As reflective loading has become the staple vector for staging malware, adversaries rely on in-memory payloads for ensuring both operational security and evasion in the post exploitation phase and to counter such effort we have quite a few robust tools like Moneta and PE-sieve for scanning memories to catch active beacons/agents hidden inside running processes on the system. One major factor considered by the memory scanners to identify anomalies is memory allocation pattern and associated permissions. Lets examine the image below, a seasonal security professional can easily identify the anomaly by simply looking at the Protection and Use column. The infamous RWX enabled Private memory [0x3150000] that has no filebacked mapping or simply called a floating code. This is in fact the most basic form of payload detection heuristics one can use to hunt injected beacons or agents. This memory allocation SCREAMS there is something malicious about it.[ Note: we are only focusing on allocations in native process with no CLR loaded.] There are two ways we can solve this issue:

  • Tackling allocation issue: This article will address this specific issue, for starters there are number of techniques employed by modern C2s and sophisticated malwares to hide executable code in the memory by making the code look like it is residing in a non executable region of the memory. This is done by using VirtualProtectEx/VirtualProtect api to modify the permission of the executing code, just by flipping RWX to RW. But this is not as simple as it seems, an executing code cannot simply alter its own permission from executing to non executing while its running as it will lead to a crash. This can be done through clever use of AsynchronousProcedureCalls on the system as we will see shortly. This technique is normally called Sleep Obfuscation, commercial C2 platforms encrypt the contents in the memory allocation as an additional step hence the \”obfuscation\”. The Gargoyle technique paved the path to more researches in this specific area, we will be looking at a vanilla implementation of Gargoyle in this post.
  • Tackling floating code: At very basic level module stomping can solve this issue, but more capable scanners can identify stomped modules in the memory by comparing the code in the loaded modules with corresponding one on the disk. floating code is beyond scope of this article.

\"\"

Windows Asynchronous Procedure Calls/APC

The idea of Asynchronous IO is realised through a mechanism called Asynchronous Procedure Calls . The thread that performs some IO like writing/reading data on the system has to wait till the IO operation is completed as this is preemptive in nature, this is called a synchronous IO. With help of APCs an asynchronous IO can be performed and we can avoid the wait for the IO operation to finish. We can put the thread into an \”alertable\” state hence the system can assign work to such a thread, ideally the thread is now ready to deal with rest of IO completion without preemption. This is achieved through APC queues, each thread in the running processes has a dedicated APC queue. The code [IO completion routine] that a thread wants to execute, after IO is performed at lower level, can be queued into APC queue by calling following functions:

So when does the system make APC?

To let the system know that thread is ready to take up jobs or IO completion routines, it should put itself in an \”alertable\” state so that the system starts clearing its APC queue by executing routines in it. This is achieved by calling following APIs:

The API QueueUserAPC can be used to enqueue an APC explicitly. Above functions can wait on objects created by the APIs like SetWaitableTimer, ReadFileEx etc. Following list covers all the waitable objects that above apis can wait on:

  • Change notification
  • Console input
  • Event
  • Memory resource notification
  • Mutex
  • Process
  • Semaphore
  • Thread
  • Waitable timer

These objects can be signaled, which means if its a timer then when the set time is elapsed it gets signaled, and if the thread that called the timer is in alertable state then its APC queue is processed by the system.

Gargoyle

The Gargoyle technique is a popular and well documented method used to hide the malware memory from memory scanners by hiding the malware code in Read-Only memory pages. Using this technique malware can execute the instructions in memory pages with RWX permission, later it is reverted back to PAGE_READONLY.

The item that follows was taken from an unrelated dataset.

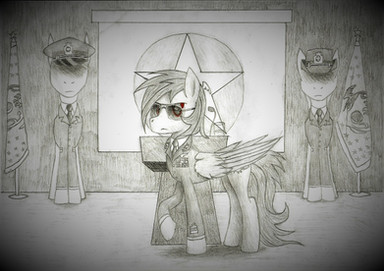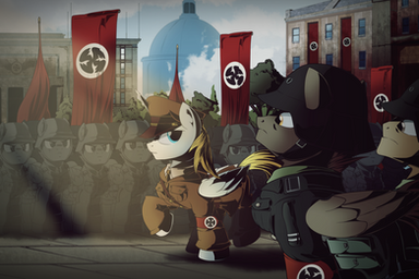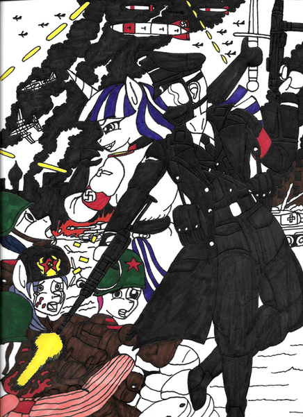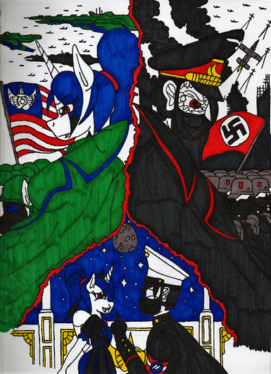 "We lost total control when they destroyed the Bismark Station that disrupted our weapons. And the amount of land that our brothers and sisters have died for. Now this city is about to fall." Nathan faces John. "The Fuhrer demands that the resistance is to be destroyed before the Equestrians decide to aid their comrades and restart the war AND before this city is burned to the ground by them or us."

As mentioned before a running process cannot alter its memory protection/permission in midst of execution as it leads to inevitable crash. The Gargoyle offloads this task to an APC callback routine. This is achieved by using waitable timers used for synchronization purposes [Alertable I/O]. Using the timer is one of the ways by which a thread can queue an APC to a completion routine and system will dispatch such queued APC routines for execution to an alerted thread. Gargoyle uses this mechanism to alter memory protections and execute arbitrary code on the system.

basic idea

What are we trying to achieve here?

As mentioned before, Gargoyle sets up a system that lets the user to flip memory protection of a desired memory region from a trivial RWX to something else like Read-only while the code is running on the system. Gargoyle is implemented in assembly [a position independent code/PIC], the C++ code is a harness that does some memory allocation of important data structures [workspace] used by the Gargoyle PIC.

  • Initially the Gargoyle creates a waitable timer via CreateWaitableTimer. If the function succeeds, the return value is a handle to the timer object. The arguments to the function parameters are nullptr or 0.
  • Waitable timer is activated by calling SetWaitableTimer on previously created handle to timer object.
  • SetWaitableTimer takes a pointer to APC completion routine via pfnCompletionRoutine parameter. The Gargoyle passes a pointer to a special ROP gadget as argument to pfnCompletionRoutine. This gadget will be responsible for executing the VirtualProtectEx api to alter the memory protections to PAGE_EXECUTE_READ and then dovetail the call back into the Gargoyle code. A specially crafted stack is used to carryout the this execution flow. The special ROP gadget helps to put right values on the stack.
  • After executing arbitrary code by Gargoyle [a simple message pop in POC], VirtualProtectEx is called again but this this to change the permission back to PAGE_READONLY. Then WaitForSingleObjectEx is called to put the thread back into alertable state.
  • This goes on in a loop, the POC code of the Gargoyle pops up a message box every 15 seconds. When the message box appears, the memory region of the Gargoyle code will have PAGE_EXECUTE_READ protection. When the user clicks OK button, the protection reverts back to PAGE_READONLY.

rop\’n all the way

The pfnCompletionRoutine and lpArgToCompletionRoutine parameters of SetWaitableTimer play a major role in this technique as pointer to ROP gadgets in the memory is passed as the completion routine, the lpArgToCompletionRoutine lets us take control of esp+4 which is the first argument of the function based on x86 calling convention. This means using a gadget like POP * ; POP ESP ; RET will place our first argument on the stack. From there if the that argument is a specially crafted memory, we can control the execution flow by manipulating the stack. In the POC this specially crafted memory structure passed to lpArgToCompletionRoutine is named as a \”stack trampoline\”.

The ROP gadget used by the Gargoyle is :

pop ecx  
pop esp
ret
present in 32-bit mshtml.dll

When the thread executes the completion routine, the gadget gets executed as a function hence POP ESP will put the first argument [esp+4] on to stack. We can exploit this by passing a special structure that will serve as a made up stack to control the flow of execution. As mentioned previously, this structure is passed down to lpArgToCompletionRoutine parameter of SetWaitableTimer.

\"\"
  • When POP ESP is executed, address of VirtualProtectEx will be loaded into ESP of the stack. The very next RET instruction will put the ESP [address to VirtualProtectEx] into EIP thus calls the api. The current_process, address, size, protections and old_protections_ptr memebers in StackTrampoline are all arguments for VirtualProtectEx api.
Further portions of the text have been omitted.